Wednesday, October 08, 2008

 

Un-fact

A few days ago the DT carried a peice about the dreadful number of deaths - 300 or so a year in GB (we suppose) - attributable to people who had only recently passed their driving test. In consequence, there was said to be all-party agreement about the need to do something about the driving test, which had not been reorganised for some disgraceful passage of time. There was even talk of abandoning the dreaded reversing backwards around a corner (something which almost scuppered me ever so many years ago) and relying on driving instructors to do that sort of thing. I then start to wonder how all this cross party agreement was justified and turn up what turns out to be a very helpful ONS web site (http://www.statistics.gov.uk/) and rapidly learn that in 2002 (the last year for which data was available in this form) there were about 3,500 deaths from road accidents in GB. So less than 10% of these involve these recent passers? So what proportion of road traffic users are they? Is this an excess proportion? Does the DT or anyone else know?

Perhaps I should have stayed with OPCS - one of the outfits which merged into what is now the ONS - and participated in this great web development!

As a consolation prize, I participated yesterday in the revenue protection scheme operated by Transport for London.
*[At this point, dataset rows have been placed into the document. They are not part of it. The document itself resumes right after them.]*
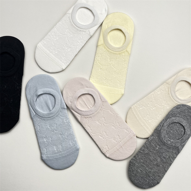 봄 여름 보우 중공 메쉬 미끄럼 방지 보이지 않는 양말 솔리드 컬러 심플하고 다재다능한 여성용 힐리스 보트 양말 뼈없는 양말스토어 가기
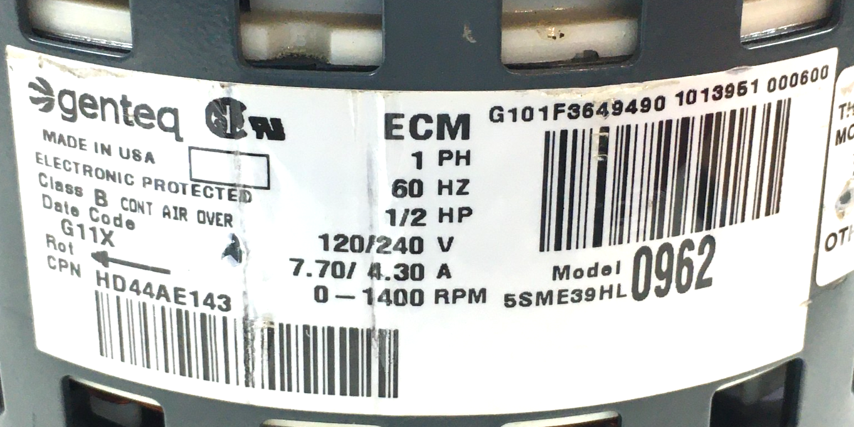 This is GENTEQ ECM2.3 CN04 5SME39HL0962 Blower Motor HD44AE143 1/2HP 120/240V CCW LE rotation used part.
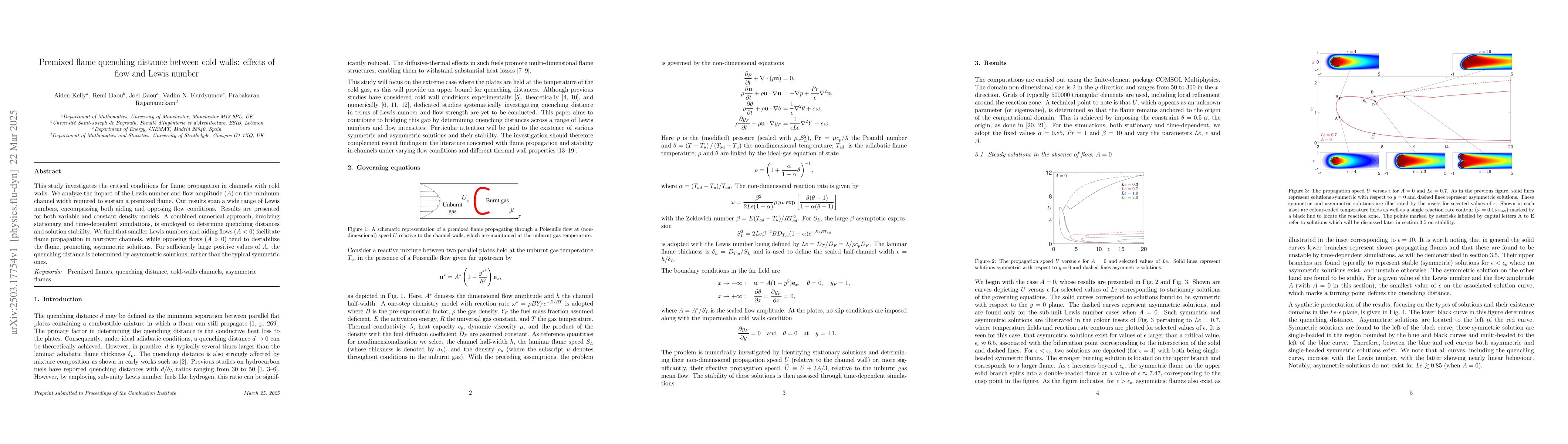 The research presents a comprehensive analysis of flame quenching distances in channels with cold walls, considering the impact of Lewis number and flow amplitude on flame propagation.
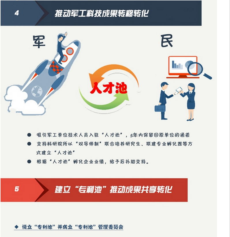 四、推動軍工科技成果轉(zhuǎn)移轉(zhuǎn)化。建立軍民人才雙向流動“人才池”,促進企業(yè)孵化。吸引軍工單位技術(shù)人員入駐“人才池”,5年內(nèi)保留回原單位的通道。支持科研院所特別是涉軍科研院所與地方高等院校以“雙導師制”聯(lián)合培養(yǎng)研究生、聯(lián)建專業(yè)孵化器等方式建立“人才池”。根據(jù)“人才池”孵化企業(yè)業(yè)績,給予后補助支持。
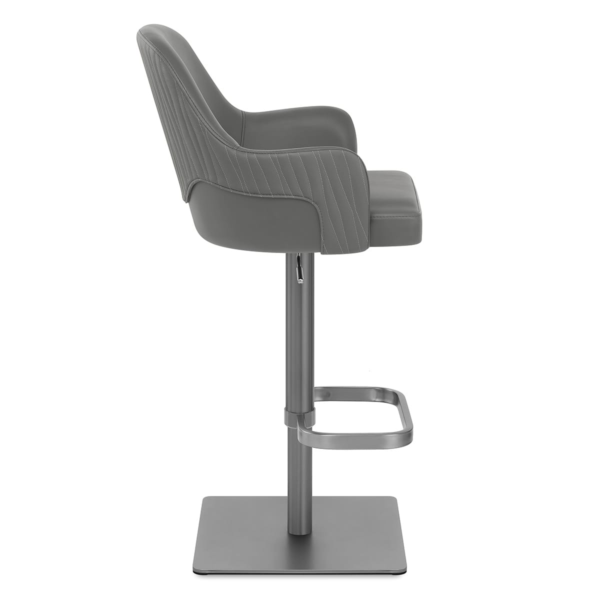 Containing a convenient gas lift mechanism and with a brushed graphite finish, the frame is as comfortable as it is stylish. The mechanism lets you change the height of the seat as well as swivel it a full 360 degrees. Lower down the column, the frame is further conveniently equipped with a rectangular footrest. Weighted for extra stability, the base is square shaped and expertly welded and the use of felt pads beneath help to protect your floors from scrapes.
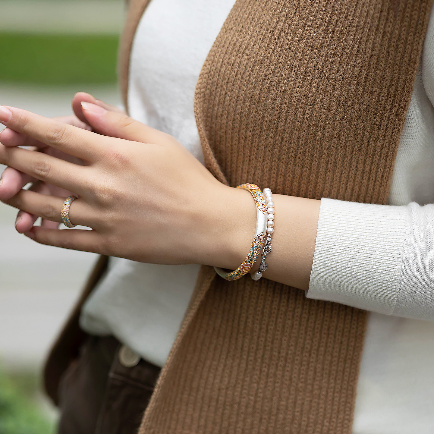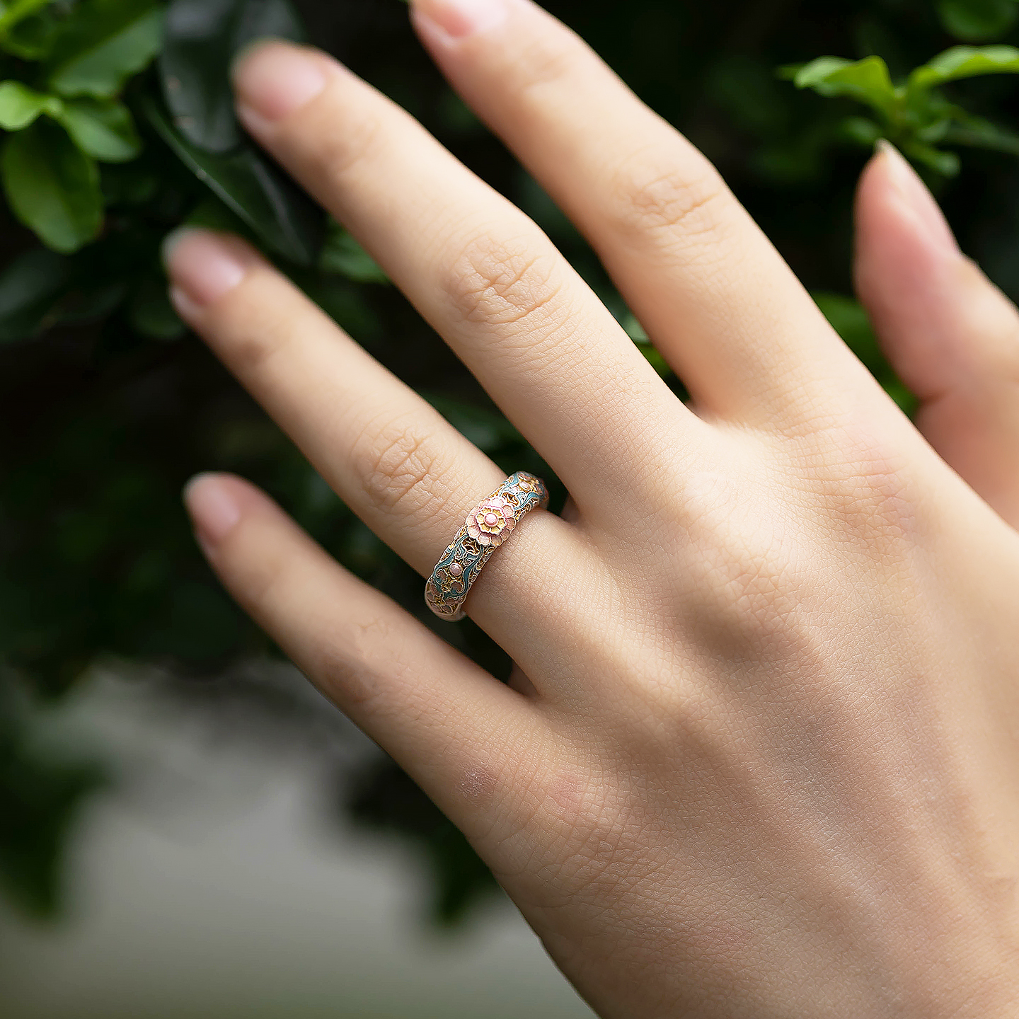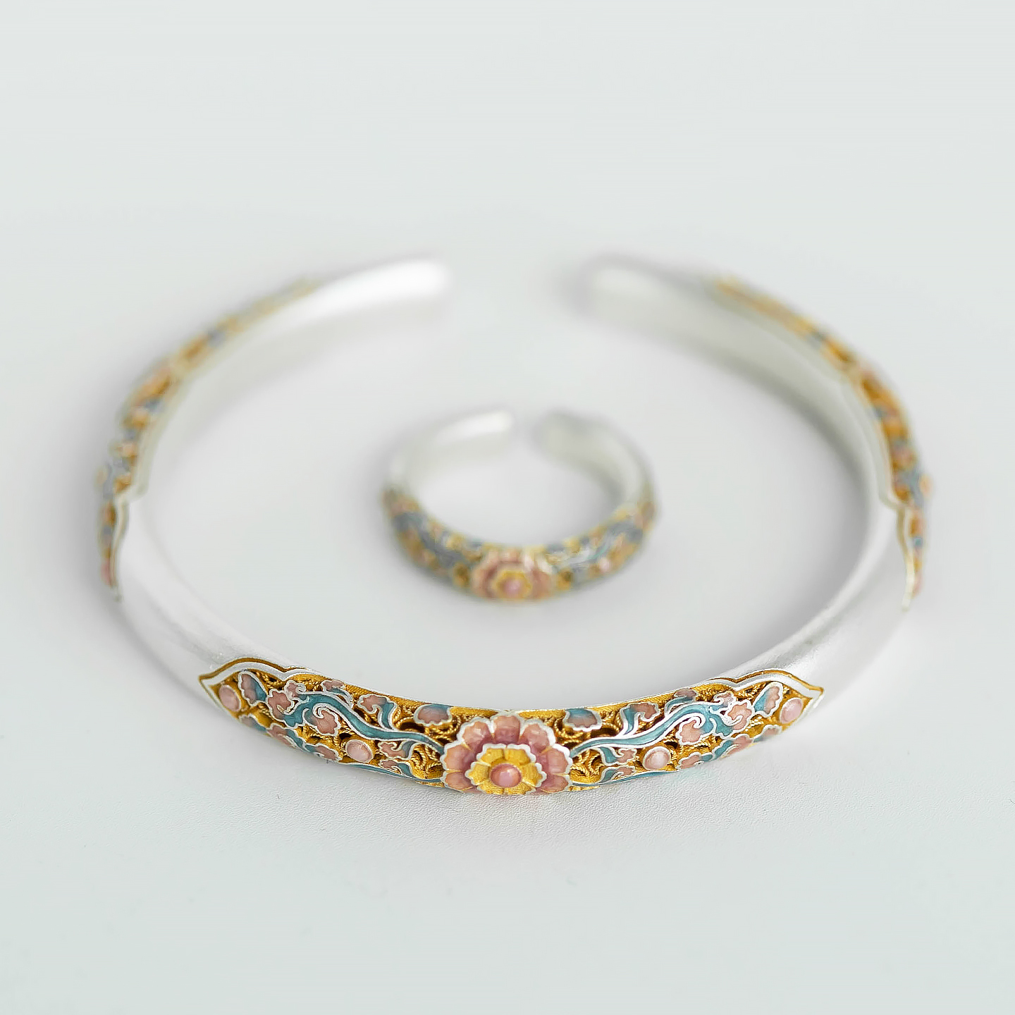 蜀锦 海棠花纯银足银9999描金珐琅彩镂空开口手镯手环新中式国风
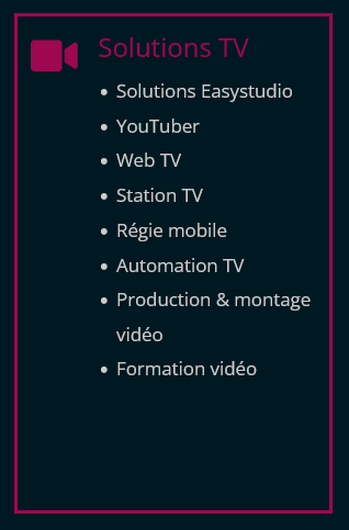 – Broadcast Solutions pour les systèmes radio et de télévision clés en main.
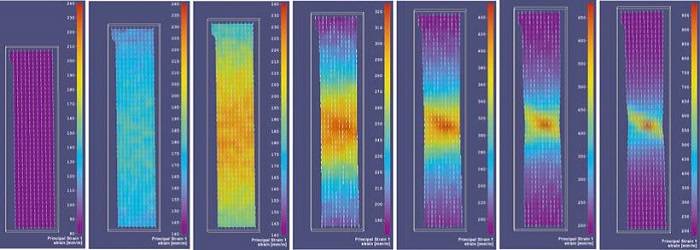 目前,DIC在材料研究方面应用最广泛也最成熟的就是通过DIC技术代替引伸计来测量样品在拉伸中的实时应变分步。对于传统的拉伸试验,要想获得实验过程中的应变数据,就需要在样品上装卡一个引伸计来得到应变的数据,它测量的是样品的平均应变,而DIC技术可以给出样品中点对点的应变信息,从而可以画出实验过程中的应变分布云图的变化过程,为分析研究材料的变形行为及失效断裂机理提供了良好的途径。图2就是一种双相钢板状样品在拉伸过程中不同时间的主应变的云图分布情况,图中颜色的深浅就代表着对应位置应变量的高低[3]。
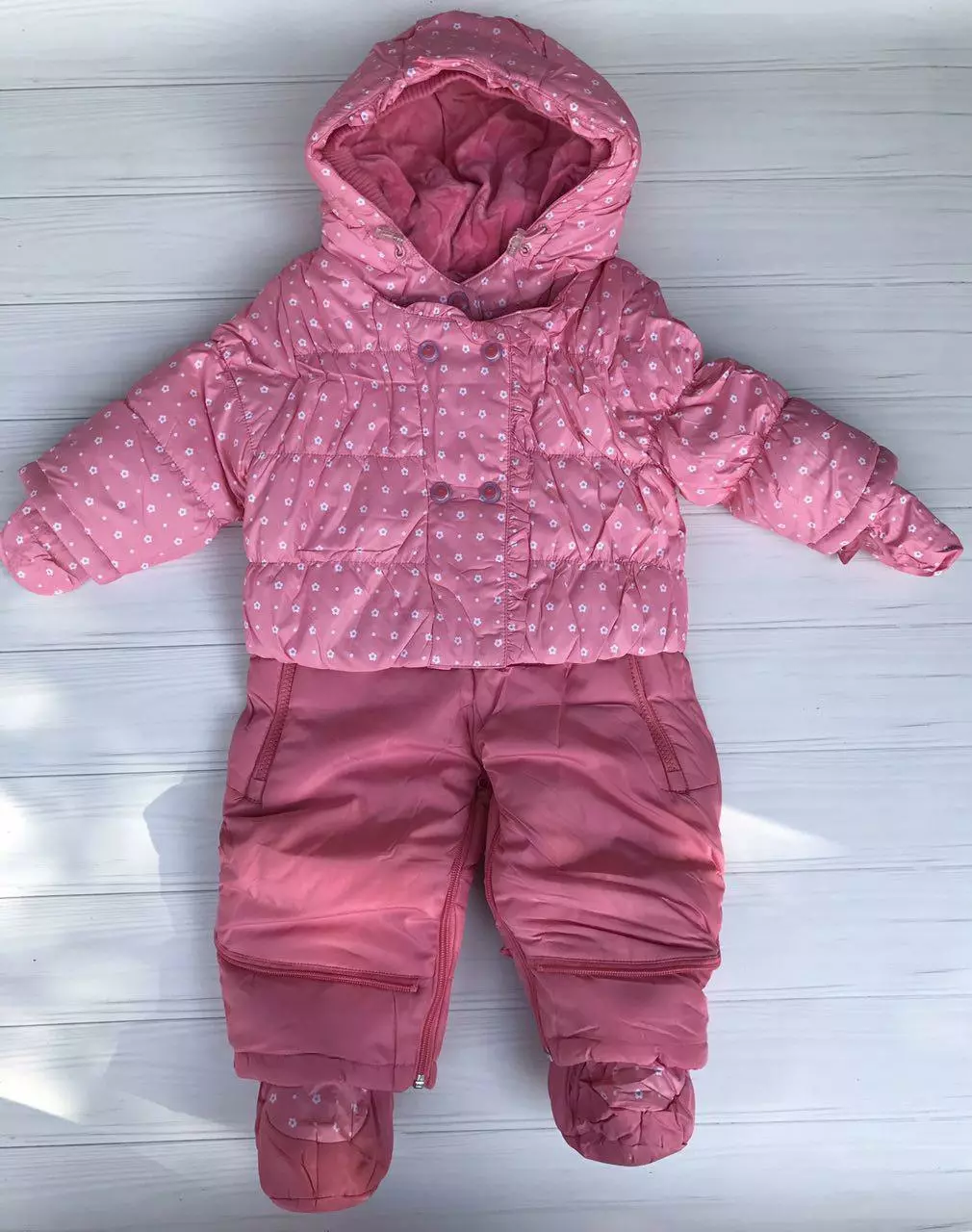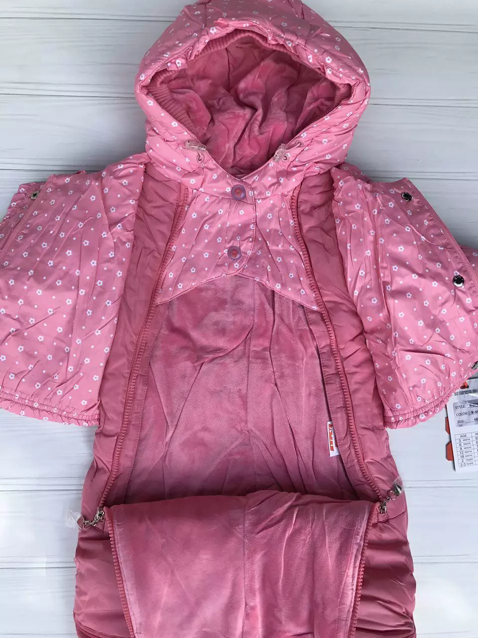 Комбинезон-трансформер "Really Master", верх - плащевка на теплой флисовой подкладке, утеплен холофайбером. Благодаря двум длинным молниям с ветрозащитными планками, расположенным в передней части комбинезона, его легко надевать и снимать. Горловина оформлена двумя клапанами на кнопках, что надежно защищает шею малыша от холода. За счет молний на брючинах комбинезон можно трансформировать в конверт с рукавами. Низ рукавов отделан трикотажными манжетами, которые мягко обхватывают запястья, не позволяя просачиваться холодному воздуху. По краю капюшон отделан широким кантом из двойного слоя трикотажного полотна и дополнительно утягивается стяжками. В комплект входят: две утепленные варежки (без пальчика), плотность облегания которых регулируется с помощью кнопки, и два утепленных носочка, которые пристегиваются к низу комбинезона с помощью кнопок.
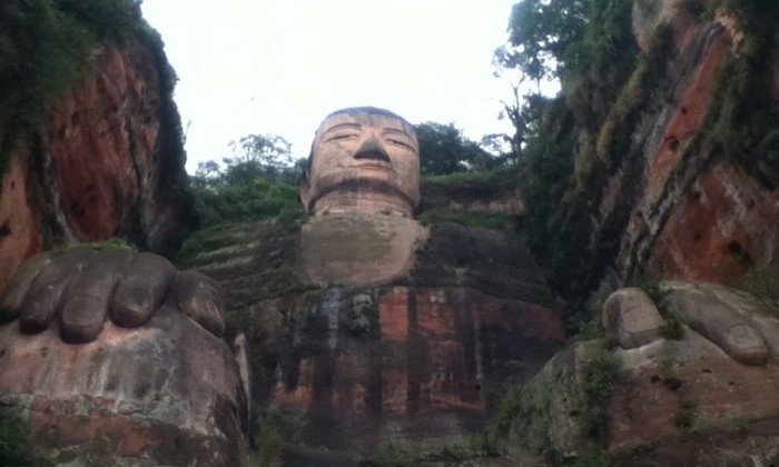 Leishan, petite ville où nous irons voir le Bouddha Géant, ville qui en fait dépasse encore le million d’habitants. A croire que les petits villages comme chez nous n’existent pas, car même sur la route on en voit pas tant que ça. Nous accédons au parc où se trouve la statue de buddha, excentré de la ville, dans un paysage plus sauvage, nous grimpons à travers la nature, sur le chemin nous verrons une très jolie pagode puis nous cherchons Buddha. Nous ne savons pas exactement encore à quel point il est grand, nous savons juste que c’est la plus grande représentation de Buddha au monde. Nous le réaliserons vite quand nous tomberons face à sa tête. Il est très imposant et magnifique, il mesure 71 mètres de haut. Il se fond bien dans la nature, il est creusé dans une falaise de pierres, et conservé en l’état. D’ailleurs, il commence à s’abîmer mais ils ne savent pas trop encore comment le restaurer sans prendre le risque de l’abîmer davantage. Nous le verrons de haut, puis nous descenderons en bas de la falaise pour le voir tout entier. Nous le contemplons un bon moment avant de prendre le chemin de la sortie car la journée n’est pas terminée. Commentaire : Les paysages sont très beaux, une végétation luxuriante très dense et humide, dans un relief montagneux, une rivière coule à travers la forêt. Les temples qui sont édifiées dans la montagne se fondent dans le paysage et font de cet endroit un lieu agréable et apaisant. Nous trouverons de beaux temples sur le chemin, qui nous servent également de petite pause car les marches sont raides et nous faisons un bon paquet de kilomètres. Suite de notre voyage en Chine : Leshan et le Mont Emei
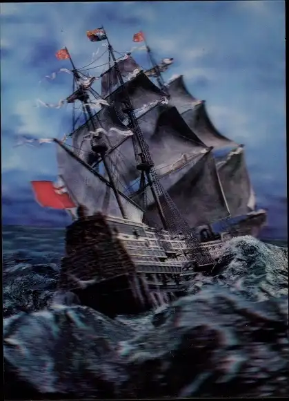 3 D Ak Segelschiff bei starkem Wellengang, 3 Master
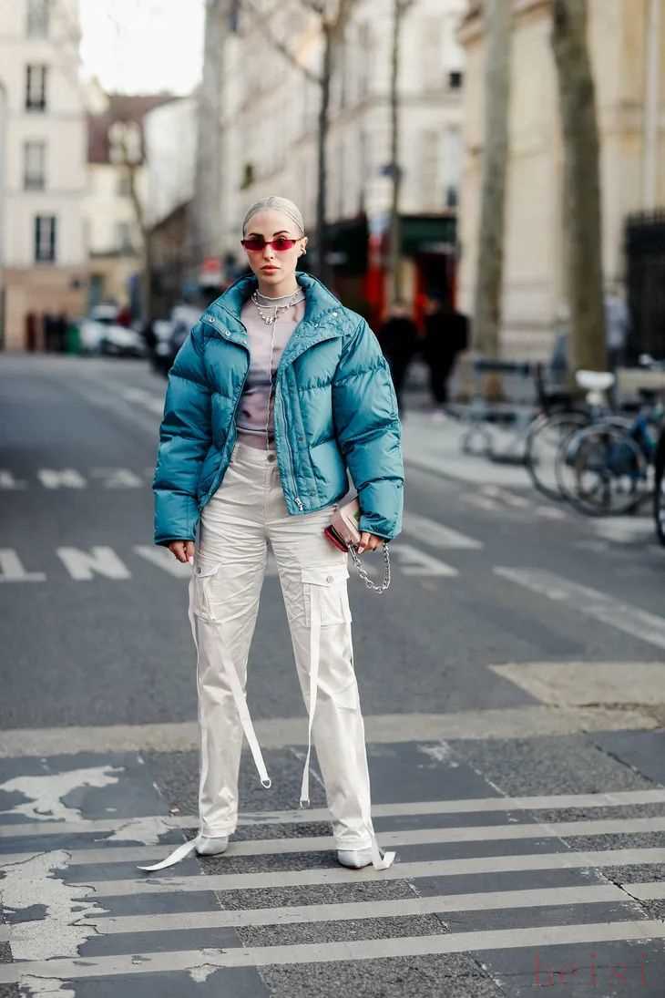 面包服的顏色挑選也不用局限。酷感妹子首選是黑色、熒光色,特別是帶有反光面材質(zhì)的裝飾更能在冬日里給人眼前一亮的效果。
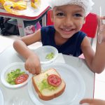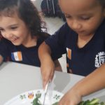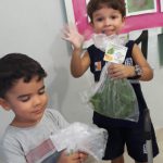 Após a colheita dos alimentos na horta como tomate, alface e couve, foram desenvolvidas receitas preparadas com a participação ativa das crianças como sanduíche, suco de laranja com couve, e couve croc-croc.

Having forgetten to carry my oyster card and not having change smaller than a fiver, the bus driver eyed me very suspiciously. After a suitably impressive pause, during which time I thought my options were either to cough up a fiver or to get off, he comes up with a pad of yellow forms and laboriously checks one lot of boxes and then invites me to check another lot, in this way recording my name and address. I then carry off the yellow counterfoil into the bowels of the bus, a counterfoil which invites me to send £2 to the revenue protection department of Transport for London. My cheque now awaits my daily trip to Cheam to be posted. I am pleased that such a quaint and trusting scheme is still operated - despite transaction costs which much far exceed the amount involved. So as a good citizen I must remember to carry my Oyster card.

I was impressed by the much lower-tech solution operated on Florentine buses. While, as an alien, a bit vague on details, there appears to be a flat fare scheme operating within the Florence area. You buy tickets at a tabacconist (which action is not, in Italy anyway, construed as aiding and abetting the evil tabacco industry. Tantamount to advertising sale of same to under age persons). You get on the bus without any form of control or turnstile and you cancel your ticket by sticking it into what looks like a very cheap machine, of which there are two or three in the bus. Your ticket is then good for 70 minutes. You get off the bus without any form of control or turnstile. We presumed that if you got caught without a cancelled ticket you would be in deep trouble and it was alleged that there were teams of undercover agents roaming the bus system hunting for villains. All in all, it looked like a simple low cost solution, one step short of simply making the buses free. Why did it take us so long to arrive at the vastly more complicated oyster card solution?

I think it may also be the case that the buses were run by the municipality for the benefit of their citizens, rather than by Southwest trains for the benefit of their shareholders. Maybe these Italians do know a thing or two after all.